I turned around to face them as Haley sat up and adjusted herself.
"From what you've told me and what I can see, you appear to be five weeks along. I usually don't see patients until the eighth to tenth week. But you look to be right where you should be for this stage of early pregnancy.
"Our first order of business is to establish a due date, which by my calculations will be November ninth. We'll set up a series of appointments for you. Including one for twenty weeks where we can determine the sex of the baby with an ultrasound. We'll do the ultrasound either way, but you have the choice of finding out the sex—"
"Yes," I said, my voice hard and determined.
Haley and Dr. Turner turned to me. He wore a surprised expression. Maybe he hadn't expected such vehemence.

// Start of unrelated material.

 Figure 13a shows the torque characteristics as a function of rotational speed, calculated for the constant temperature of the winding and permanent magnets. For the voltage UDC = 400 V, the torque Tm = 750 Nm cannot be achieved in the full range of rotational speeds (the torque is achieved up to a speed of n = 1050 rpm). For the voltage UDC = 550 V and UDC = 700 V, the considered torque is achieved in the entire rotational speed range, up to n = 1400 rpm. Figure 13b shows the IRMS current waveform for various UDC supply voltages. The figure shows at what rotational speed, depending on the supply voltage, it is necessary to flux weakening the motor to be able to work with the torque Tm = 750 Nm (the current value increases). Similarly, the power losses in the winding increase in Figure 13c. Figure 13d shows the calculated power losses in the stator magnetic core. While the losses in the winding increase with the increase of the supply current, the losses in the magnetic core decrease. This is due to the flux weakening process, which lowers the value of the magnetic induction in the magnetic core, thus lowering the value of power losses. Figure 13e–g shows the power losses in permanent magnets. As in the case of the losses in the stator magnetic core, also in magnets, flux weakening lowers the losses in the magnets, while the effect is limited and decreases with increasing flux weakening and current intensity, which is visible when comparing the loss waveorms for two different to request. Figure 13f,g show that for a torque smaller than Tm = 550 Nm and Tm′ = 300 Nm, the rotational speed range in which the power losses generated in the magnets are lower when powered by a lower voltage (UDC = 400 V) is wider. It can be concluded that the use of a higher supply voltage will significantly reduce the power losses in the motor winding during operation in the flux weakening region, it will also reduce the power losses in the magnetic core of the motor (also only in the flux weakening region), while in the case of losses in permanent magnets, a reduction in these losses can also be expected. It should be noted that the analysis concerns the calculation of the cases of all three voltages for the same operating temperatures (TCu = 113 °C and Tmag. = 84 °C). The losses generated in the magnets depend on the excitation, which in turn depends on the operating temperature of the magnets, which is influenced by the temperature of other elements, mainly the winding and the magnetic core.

"A true duke. Eager for a son to pass the title to." The doctor's grin was tentative.
Haley gave me a warning look.
"Yes, of course," I said. "We're both eager to find out what we're having." If it were a boy, he'd be my way out of the marriage. Flash would be safe. And I'd be several hundred million richer. Was that what I wanted? Would I love a little girl just as much?
The truth was, although I'd never wanted children, if I ever considered having them at all, I was the odd guy who wanted girls.
The doctor picked up on the sudden surge of tension. His brow furrowed as he tried to figure out what had caused the sudden chill when he'd given us nothing but good news.
Haley lifted her chin. "Either gender will be welcome. But of course the duke is eager to pass his title on."
"Very good," the doctor said. "Will you be having the baby here, then? In the village? Or London? Or are you planning to return to the States to give birth?"